Return the listing that follows exactly, with no pictures included.

• Exercise data:
* * * * * * * * *

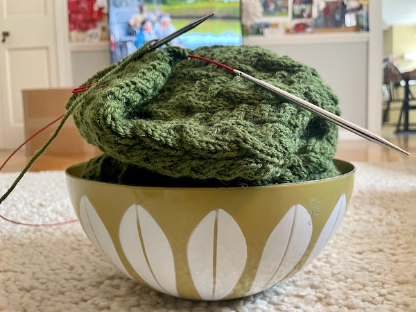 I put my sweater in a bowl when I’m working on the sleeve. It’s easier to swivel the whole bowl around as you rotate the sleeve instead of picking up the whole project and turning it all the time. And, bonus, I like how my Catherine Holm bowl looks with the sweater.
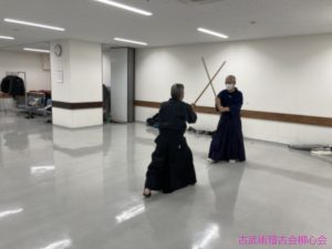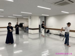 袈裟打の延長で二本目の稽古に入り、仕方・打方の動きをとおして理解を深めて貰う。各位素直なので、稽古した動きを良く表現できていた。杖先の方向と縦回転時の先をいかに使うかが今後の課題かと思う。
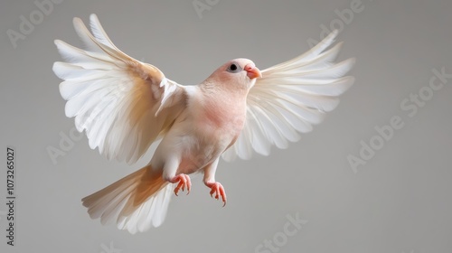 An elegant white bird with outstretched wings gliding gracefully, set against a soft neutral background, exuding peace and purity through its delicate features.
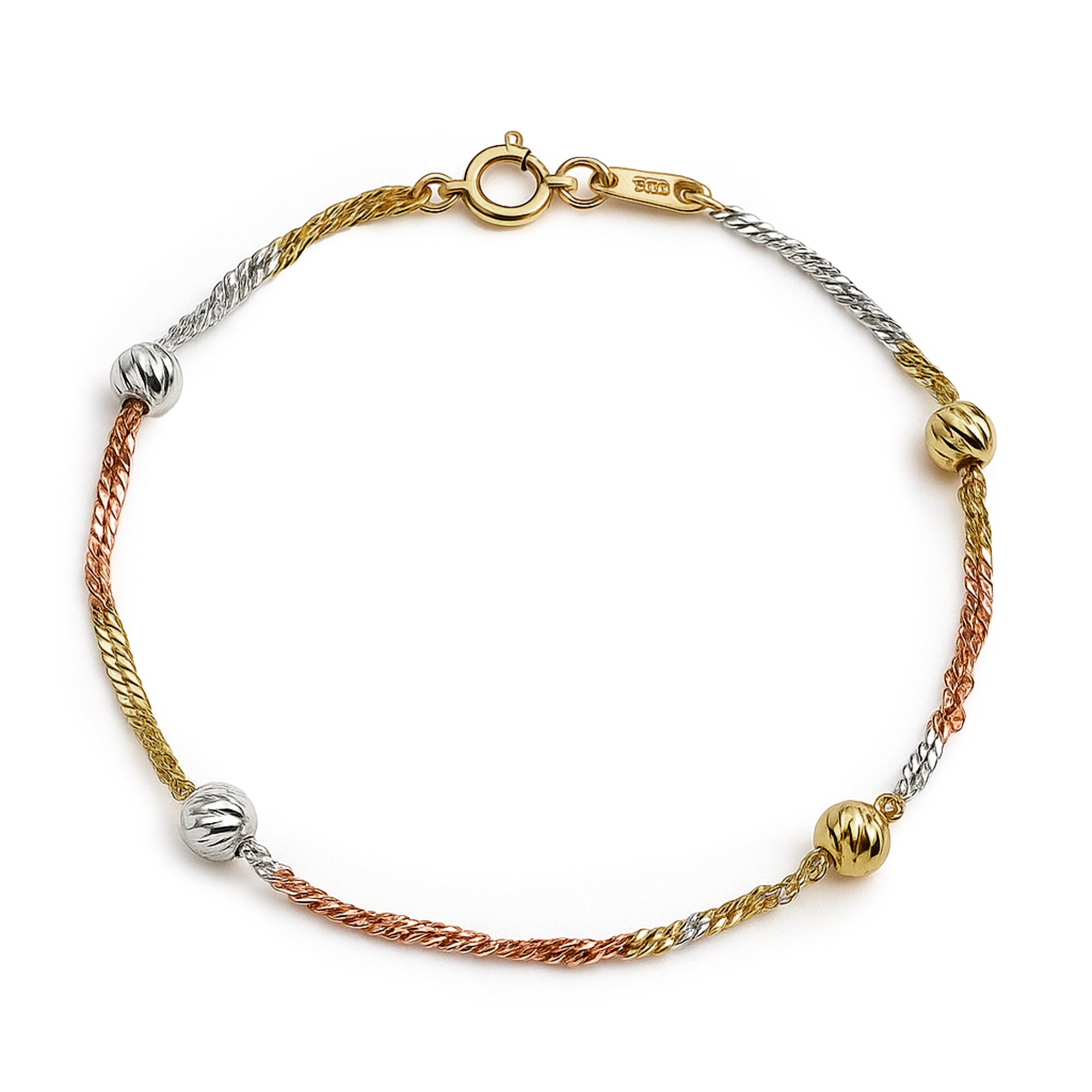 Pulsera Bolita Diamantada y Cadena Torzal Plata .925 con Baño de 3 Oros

* * * * * * * * *

• Answer:
 I put my sweater in a bowl when I’m working on the sleeve. It’s easier to swivel the whole bowl around as you rotate the sleeve instead of picking up the whole project and turning it all the time. And, bonus, I like how my Catherine Holm bowl looks with the sweater.
 袈裟打の延長で二本目の稽古に入り、仕方・打方の動きをとおして理解を深めて貰う。各位素直なので、稽古した動きを良く表現できていた。杖先の方向と縦回転時の先をいかに使うかが今後の課題かと思う。
 An elegant white bird with outstretched wings gliding gracefully, set against a soft neutral background, exuding peace and purity through its delicate features.
 Pulsera Bolita Diamantada y Cadena Torzal Plata .925 con Baño de 3 Oros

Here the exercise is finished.